TThe genome acts as a blueprint for the body, influencing everything from the shape of the face to the arches of the feet and even the development of certain diseases. Some diseases, such as cystic fibrosis, are linked to a single gene and can be reliably predicted based on an individual’s genetic data, while others, such as autism spectrum disorders, Alzheimer’s disease, depression, and obesity, Many other diseases are not like that.
Over the past 15 years, scientists have Genome-wide association research (GWAS) compares the genomes of large groups of people to identify hundreds of thousands of genetic variations associated with traits and diseases.1 This method has helped scientists unravel the biology and risk factors underlying complex diseases, and has also led to the discovery of new drug targets. Despite these advances, GWAS research has limitations, which scientists have attempted to address with the help of artificial intelligence (AI). however, two studies Published in natural geneticsresearchers at the University of Wisconsin-Madison have determined that widespread prejudice These new approaches may be introduced when working with large but incomplete datasets.2, 3
GWAS relies on large biobanks with extensive patient data. However, these repositories may be missing something, from blood reports, scans, and patient medical history to family data. Even with a thorough study, challenges such as a lack of data on late-onset disease in cohorts of young participants can seriously hamper researchers’ plans.
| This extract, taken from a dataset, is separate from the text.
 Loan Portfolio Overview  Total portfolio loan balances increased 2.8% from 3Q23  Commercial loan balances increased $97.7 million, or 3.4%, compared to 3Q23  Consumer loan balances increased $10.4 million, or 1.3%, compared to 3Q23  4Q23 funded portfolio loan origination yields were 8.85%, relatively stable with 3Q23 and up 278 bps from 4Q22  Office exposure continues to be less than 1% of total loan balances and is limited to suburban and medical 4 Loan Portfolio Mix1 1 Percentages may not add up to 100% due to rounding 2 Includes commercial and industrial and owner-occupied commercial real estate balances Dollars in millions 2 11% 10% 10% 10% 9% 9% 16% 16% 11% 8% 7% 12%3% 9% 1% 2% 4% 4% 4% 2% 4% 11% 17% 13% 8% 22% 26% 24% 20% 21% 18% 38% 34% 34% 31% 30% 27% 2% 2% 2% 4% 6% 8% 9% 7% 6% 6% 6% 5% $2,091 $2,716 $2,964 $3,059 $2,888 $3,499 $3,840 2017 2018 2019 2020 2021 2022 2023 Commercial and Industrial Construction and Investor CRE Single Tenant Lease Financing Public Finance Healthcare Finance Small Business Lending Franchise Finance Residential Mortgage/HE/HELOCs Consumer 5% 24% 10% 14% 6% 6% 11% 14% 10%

To address the data gap, scientists have developed two approaches. It is GWAS-by-proxy (GWAX), which relies on machine learning and family history data as predictors of late-onset disease. Many researchers combine GWAS and GWAX to improve the statistical power of predictions. But a team of researchers at the University of Wisconsin-Madison has found that these “solutions” can incorrectly link genetic mutations to disease.
“Leveraging advances in machine learning has become very popular in recent years, so researchers are using these advanced machines to predict complex traits and disease risk even with limited data. We can now use learning AI models,” he said. Lu Qiongshiis a biostatistician at the University of Wisconsin-Madison and co-author of the study. press release.
Using AI-assisted GWAS, Lu and his colleagues found a spurious association between genetic variants and type II diabetes. For example, four genetic variants were highly correlated with disease in AI-assisted GWAS, but not when using traditional GWAS approaches. However, previous studies have shown that although these genes act on cellular pathways indirectly related to blood sugar levels, they do not have a strong effect on blood sugar levels.
In cohorts where all samples have genetic data but only some have the required phenotypic data, an AI-assisted GWAS algorithm attempts to fill in the gaps based on learned patterns. However, without knowledge of physiological complexity, this approach can lead researchers down the wrong path.
“The problem is that if we trust the risk of diabetes predicted by machine learning as the actual risk, all these genetic variations are correlated with actual diabetes, even though they are not. It makes you think about it,” Lu said.
There are also problems with filling holes in data banks with proxies. For example, when analyzing the correlation between multiple traits and the risk of developing Alzheimer’s disease, Lu observed discrepancies with GWAS results based on real-world data. The main discrepancy was the association between educational attainment and risk of Alzheimer’s disease. Multiple groups have reported an inverse association between these variables, and this finding is supported by GWAS. However, Lu observed a positive correlation when using the GWAX approach. Additionally, the surrogate information approach was unable to demonstrate an association between illness and subsequent cognitive decline, unlike previous data and GWAS findings.
The research team proposed a new statistical method that researchers can use to correct for these biases and increase the reliability of their research results. They call on the research community to report findings transparently and to adopt a more rigorous and cautious outlook when drawing conclusions from these methods.
“Our group’s recent work provides a humbling example and highlights the importance of statistical rigor in biobank-scale research studies,” Lu said.